Amanda Seyfried, atriz conhecida por seus papéis em filmes e séries, é apaixonada por audiolivros, que a acompanham em atividades como crochê e tricô. Ela está prestes a estrear na minissérie “Long Bright River”, que chega ao serviço de streaming Max no dia 8 de maio. Na série, Seyfried interpreta Mickey Fitzpatrick, uma policial que investiga uma série de assassinatos em Kensington, Filadélfia. A atriz expressa suas inseguranças sobre o papel, especialmente por ser a primeira vez que interpreta uma policial. Ela destaca que Mickey é uma personagem emocionalmente conectada, mas que não confia em ninguém, o que contrasta com sua própria personalidade. Seyfried também se identifica com a luta de Mickey como mãe solo, tentando equilibrar a criação do filho com o trabalho. Ela acredita que a série pode ajudar a mudar a percepção sobre as pessoas que enfrentam dificuldades, lembrando que todos podem estar a uma escolha de distância de uma situação complicada.

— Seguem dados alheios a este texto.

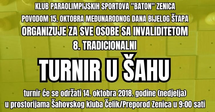 Turnir u šahu povodom dana slijepih osoba – Udruženje gradana Klub paraolimpijskih sportova „BATON“ Zenica, povodom 15. oktobra međunarodnog dana bijelog štapa/ dana slijepih osoba, tradicionalno već devetu godinu zaredom organizuje TURNIR U ŠAHU ZA OSOBE SA INVALIDITETOM.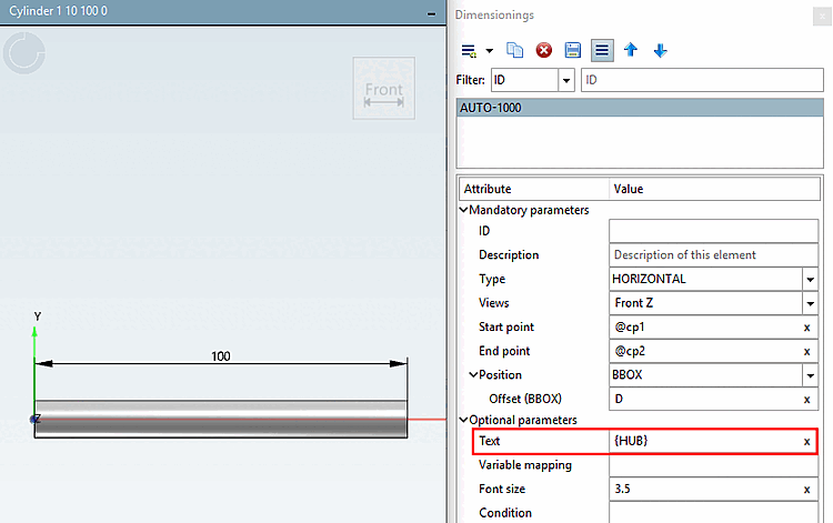 Optionally, you can set automatic dimensioning. The displayed dimension should not change when the shortened view is switched on! For this reason, no IF condition is used for text [Text], not even {AUTOMATIC}, but '{HUB}'.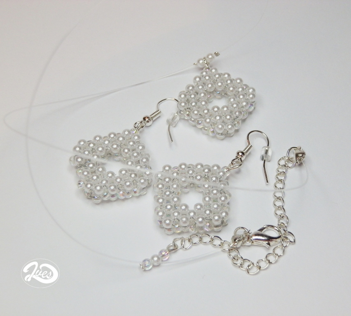 Čtverec duhová a bílá perle´t 0191

Amanda Seyfried, atriz conhecida por seus papéis em cinema e televisão, estreia na minissérie Long Bright River no dia 8 de maio na plataforma Max. A série é uma adaptação do best-seller de Liz Moore e traz Seyfried como Mickey Fitzpatrick, uma policial que investiga uma série de assassinatos em Kensington, Filadélfia.
Mickey, que cresceu na região, se depara com a indiferença do sistema em relação às vítimas, em sua maioria mulheres viciadas e prostitutas. Seyfried expressa suas inseguranças sobre o papel, afirmando que esta é a primeira vez que interpreta uma policial. Ela destaca que a força da personagem não está na aparência física, mas na conexão emocional que estabelece com as pessoas.
A atriz revela que, ao vestir o uniforme, sentiu uma mudança em sua postura e comportamento. “Quando parei de ficar intimidada pelo uniforme, percebi que são todos apenas seres humanos tentando fazer seus trabalhos,” comenta. Seyfried também observa que Mickey é muito diferente dela, especialmente em relação à confiança nas pessoas.
Desafios Pessoais
Além da investigação, Mickey é mãe solo de Thomas, o que traz um novo nível de complexidade à sua vida. Seyfried se identifica com essa luta, mencionando a culpa que sente como mãe. “Quando se tem filhos, isso muda tudo,” afirma. A atriz agora é mais seletiva em relação aos papéis que aceita, priorizando projetos que se alinhem com suas responsabilidades familiares.
Ela acredita que a série pode ajudar a mudar a percepção sobre as pessoas que vivem em situações difíceis, ressaltando que “não somos tão diferentes de quem está naquela situação.” Seyfried espera que a narrativa de Long Bright River promova uma reflexão sobre empatia e compreensão em relação a essas vidas.